As America’s open border with Mexico continues to see unprecedented levels of illegal immigration, Centers for Disease Control and Prevention (CDC) data cited in a congressional report show fentanyl overdose has become the leading cause of death among American adults age 18-45.
In 2021, nearly 108,000 people died of drug overdoses, and 71,000 of those deaths were attributed to fentanyl or fentanyl-related substances, according to a report from members of the U.S. Energy and Commerce Committee.
The dangerous drug is largely manufactured in Mexico, using precursor chemicals from China, before it is illegally trafficked across the southern border, according to the report.
The report also shows that online sales through websites and various social media platforms have spiked in recent years, with younger Americans heavily affected.
“Illicit fentanyl overdose deaths among teens accounted for 77% of adolescent overdose deaths in 2021,” the report states.
“Illicit fentanyl overdoses are now the number one cause of death among adults 18-45 – more than COVID-19, cancer, heart disease, and all other accidents.”
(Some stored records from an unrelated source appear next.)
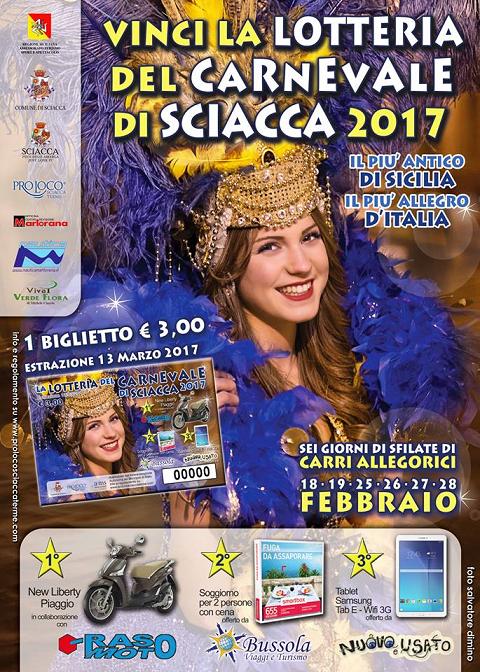 Arriva la lotteria del Carnevale di Sciacca. In palio ci sono un Piaggio Liberty, un Tablet oppure un soggiorno per due persone. La Lotteria del Carnevale di Sciacca 2017 è autorizzata dall’Amministrazione Autonoma dei Monopoli di Stato; organizzata dalla Pro Loco Sciacca Terme in collaborazione con Raso Moto, La Bussola Viaggi e Turismo, Nuovo e Usato.
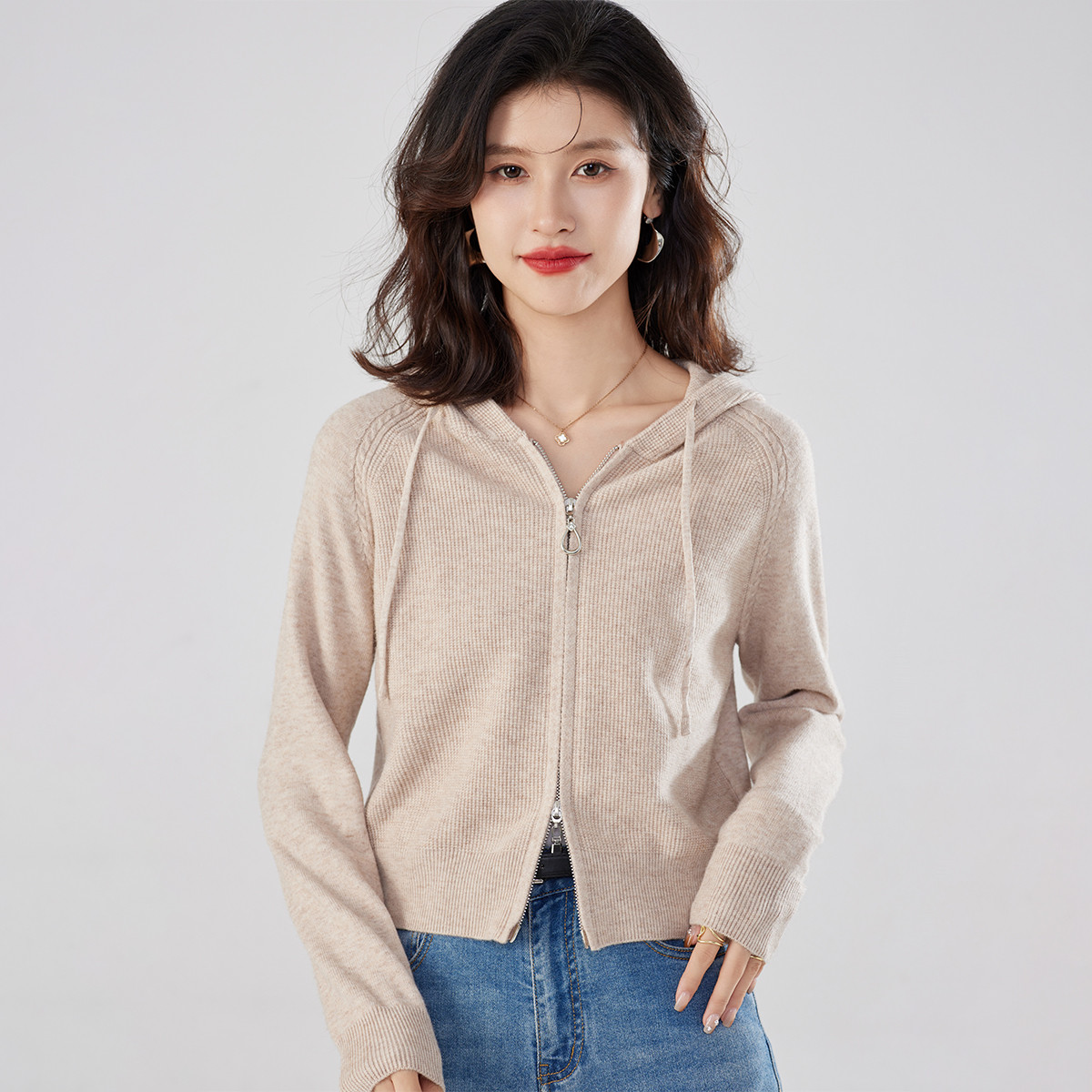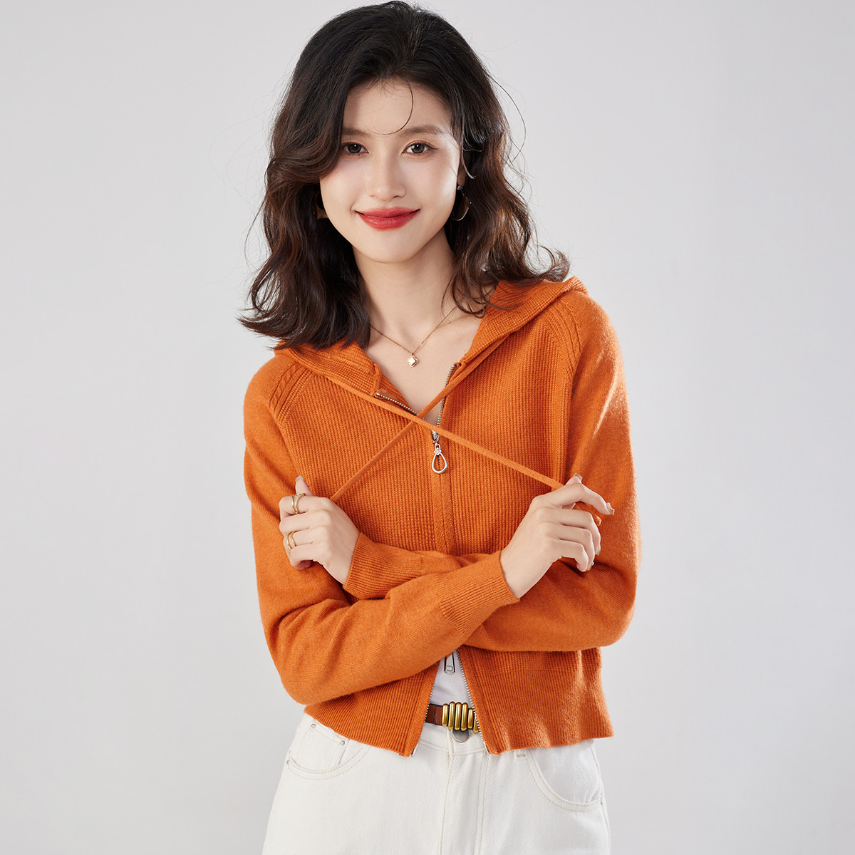 【气质双开拉链】休闲时尚复古纯色连帽拉链卫衣式针织开衫女 245535
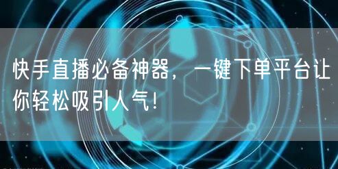 随着互联网的快速发展,直播行业持续火热,越来越多的人加入到直播的行列中,快手直播便是其中的佼佼者。想要在快手直播中脱颖而出,吸引更多人气,除了需要精彩的内容外,还需要一些辅助工具来提升直播效果。今天,就为大家介绍一款快手直播必备神器——一键下单平台,帮助你轻松吸引人气,提升直播营销效果!
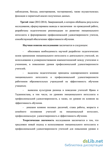 Степень разработанности. В последние годы активизировались исследовательские работы, посвященные проблемам эмоционального интеллекта, профессиональной удовлетворенности и эффективности обучения. Исследуемые проблемы рассматривались западными учёными Бар-он Р., Гоулман Д., Шерман, Майер Дж, Селовей П., Дженсен Е., Макдрури Дж., Томас Л., Вонг С. и др.; иранскими учеными:АхмадиИбодуллох, ИрониёнСаидджавад, ПорсонеджадМаъсуме, АбулькасемиШахнам, Ахади Б., Наримани М., Абулкасими А., Асияи М., АзкиёМустафо, Таваккали Махмуд, Бани Хашемиян К., Бахрами Х., Муэдзин М., Гулпарвар М., Хоксор Ф., Дехшири Г., Джамали Ахтар, Такипур Захир Али, Салехи Муслим Малики Оворсин Садек, Сайид Келан Мирмухаммад, Мирмухаммаде Мейбади Сайед Джалил, Мазлуми Мухаммадабади Сайид Саъид, Шарифпур Захро, Шахбази Хасан и др. Среди российских ученых и исследователей по проблемам эмоционального интеллекта работали Андреева И. Н., Д.В. Люсин, Э.Л. Носенко, Н.В. Коврига, О.И. Власова, Г.В. Юсупова, М.А. Манойлова, Т.П. Березовская, А.П. Лобанов,А.С. Петровская и другие,которые работают над проблемой в рамкахотечественной психологии и педагогики.
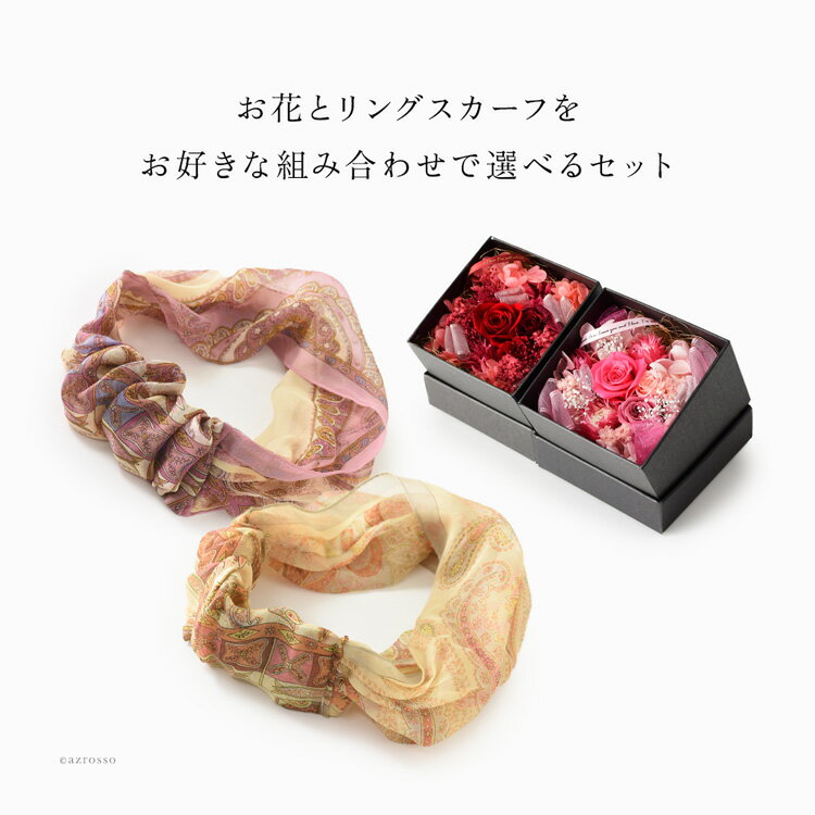 プリザーブドフラワーボックス×コラボ商品セットは他にもたくさん!こちらから 選択肢1:プリザーブドフラワー (レッド 赤 ピンク パープル 紫 ブルー 青 ホワイト 白 カーネーション ローズ バラ 薔薇 ハイドランジア アジサイ 紫陽花)選択肢2:スカーフ (シルク 100% 大判 日本製 小さい) 本当に喜ぶお母さんへの贈り物って何だろうかとシンフーライフが本気で考えた母の日セット。

Federal authorities reported 164,837 encounters with illegal border crossers in October, down from an all-time high of 241,136 in May.
Although these encounters often allow agents to intervene and prevent drug trafficking operations, the high number of migrant crossings also means resources are stretched thin and more traffickers slip through the cracks.
National media today reports indicated the Biden administration is preparing for yet another surge in border crossings, potentially as large as 14,000 crossings per day.
Despite the current crisis, Biden is pushing forward with an end to a policy imposed by former President Donald Trump that expedited the rapid expulsion of attempted illegal immigrants.
The “Title 42 policy” will end on Dec. 21 unless the Biden administration changes course or is blocked by judicial action.
The volume of border crossings is so high that some in the White House have begun circulating a draft rule that would impose a temporary ban on all new applications for asylum.
Rule changes to the asylum applications process could have a major impact on thousands of individuals and families in Maine who have requested or who intend to request refugee status.